Burglar gets prison time

By Matt Snyder

GREENVILLE — With more than a half dozen charges of burglary against him – and drug charges to boot – David Mitchel McCarl’s file in the courts needed its own separate box.

Friday, after admitting to police about his string of burglaries and naming names as to who helped him, McCarl, 21, of 3 N. Second St., Greenville, was sentenced to 1 to 3 years in prison.

Greenville-West Salem Township Police Chief Dennis Stephens found McCarl, with latex gloves, at 8 a.m. Sept. 24, 2008, in the basement of 71 N. Second St. in Greenville.

McCarl was picked up for additional charges last November.

In a series of interviews, McCarl detailed a number of burglaries and implicated Bo Bartholomew in several of the crimes, police said. Bartholomew, 20, still faces charges in a handful of burglaries.

In one of their heists, McCarl told police, Bartholomew used a police scanner from his volunteer firefighter days to narrowly evade capture when they stole guns from a hunting camp on Ohle Road, Perry Township.

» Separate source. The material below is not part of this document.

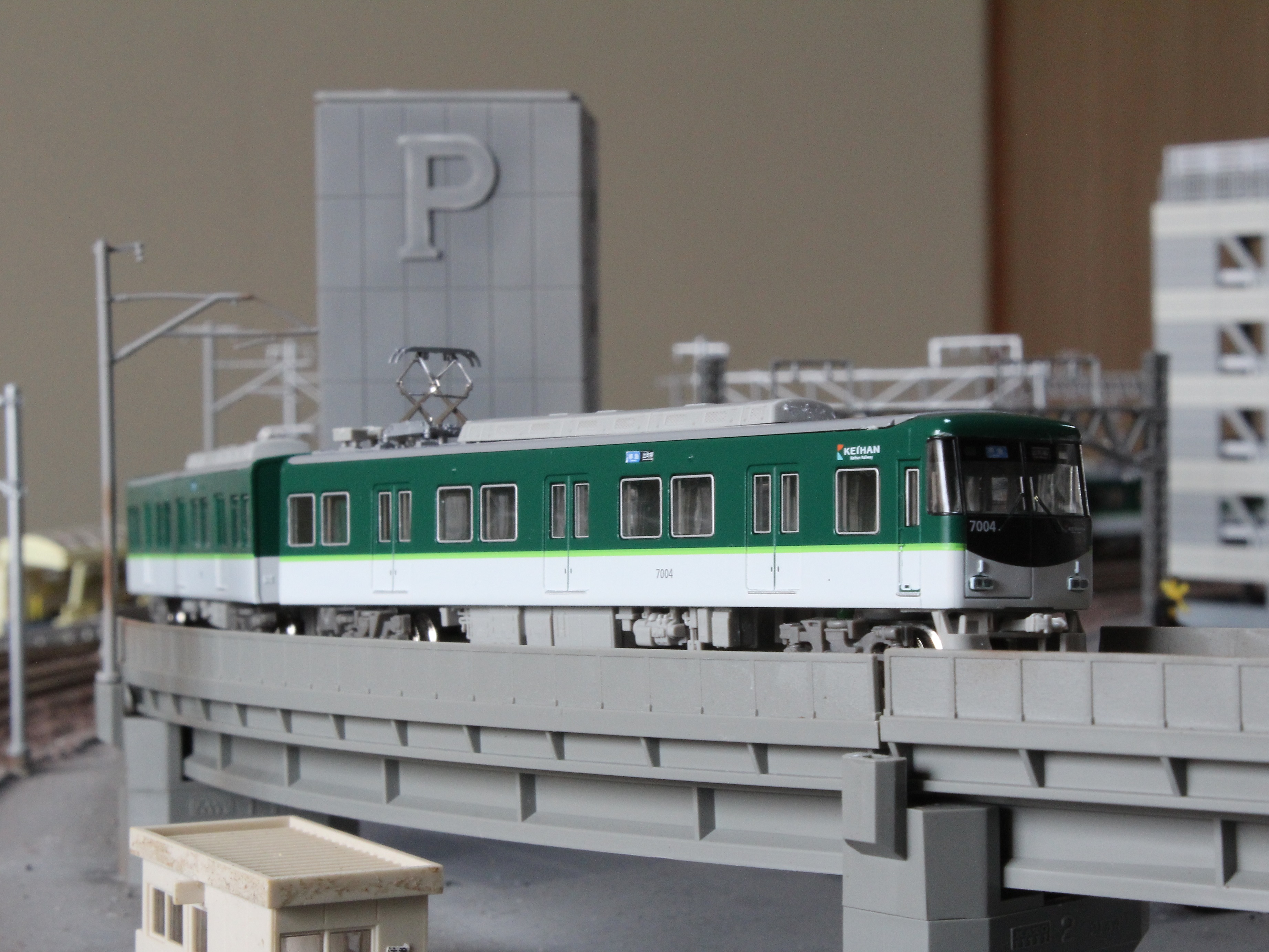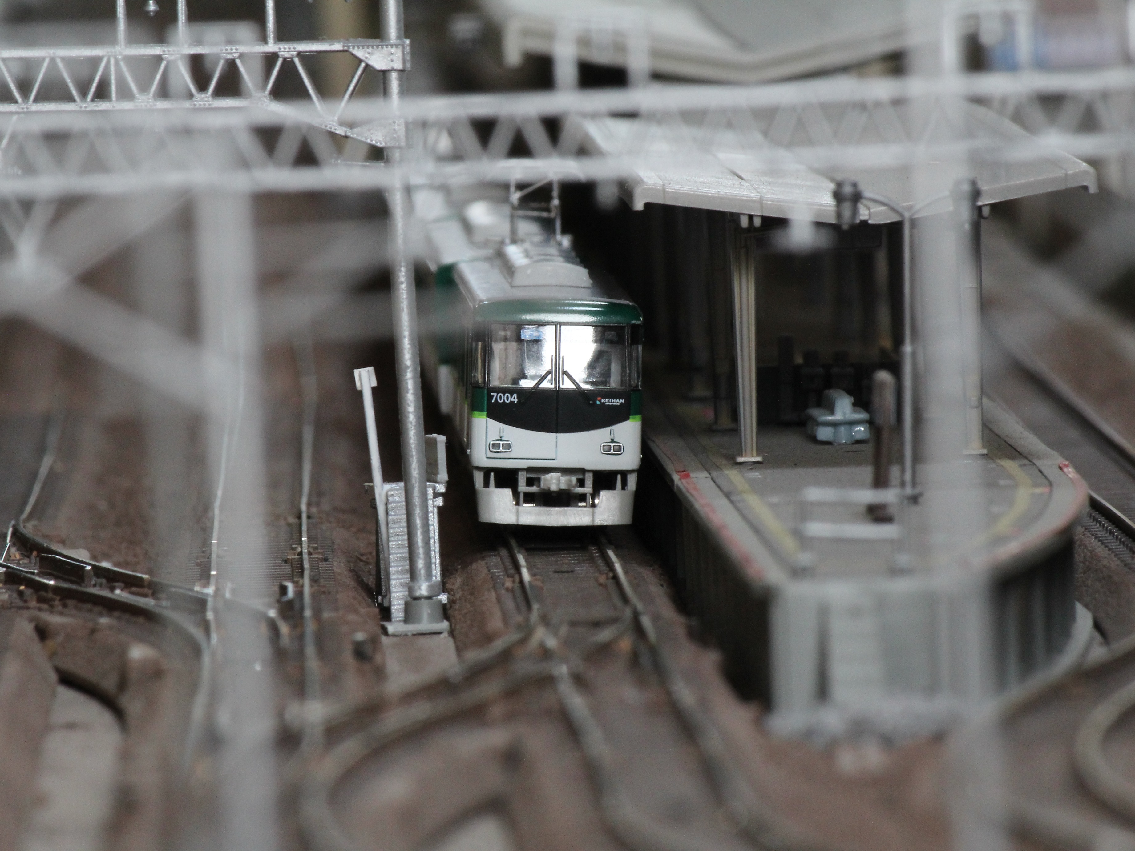 ホームに停車中の7004F。手前の架線柱がボケまくっていい感じにリアルです。

McCarl said he and Bartholomew burglarized a Pennsylvania Game Commission building on Old Perry Highway, Sandy Creek Township; a Sandy Creek Township home; two Ohle Road homes in New Vernon Township; and a home on Gravatt Road in Perry Township.

On his own, McCarl admitted to burglarizing a friend’s house in Worth Township and to twice stealing from his grandmother’s house on Center Church Road, Liberty Township.

McCarl stole tools, a safe for its scrap metal, TVs, a CD player, a DVD player, jewelry, coins, china, tanned deer hides and mounted deer heads, a mounted bobcat, fishing tackle, golf clubs, several rifles and shotguns, a revolver, and a video camera, police said.

He pleaded guilty to defiant trespassing and possession of drug paraphernalia in May and on Sept. 29 pleaded guilty to a consolidated count of burglary.

In seeking a light sentence, defense attorney Dan Davis said McCarl was picked up on only one or two burglaries and his client gave police information about the others.. He’s spent 318 days in jail, while the suspects he implicated have remained largely free. He also said McCarl has a significant drug problem.

Police said Bartholomew acted as an informant in a separate gun theft in which McCarl was not involved. Police said Bartholomew told them about a group of teens who were charged with stealing $40,000 worth of guns from a Perry Township woman’s home in August 2008.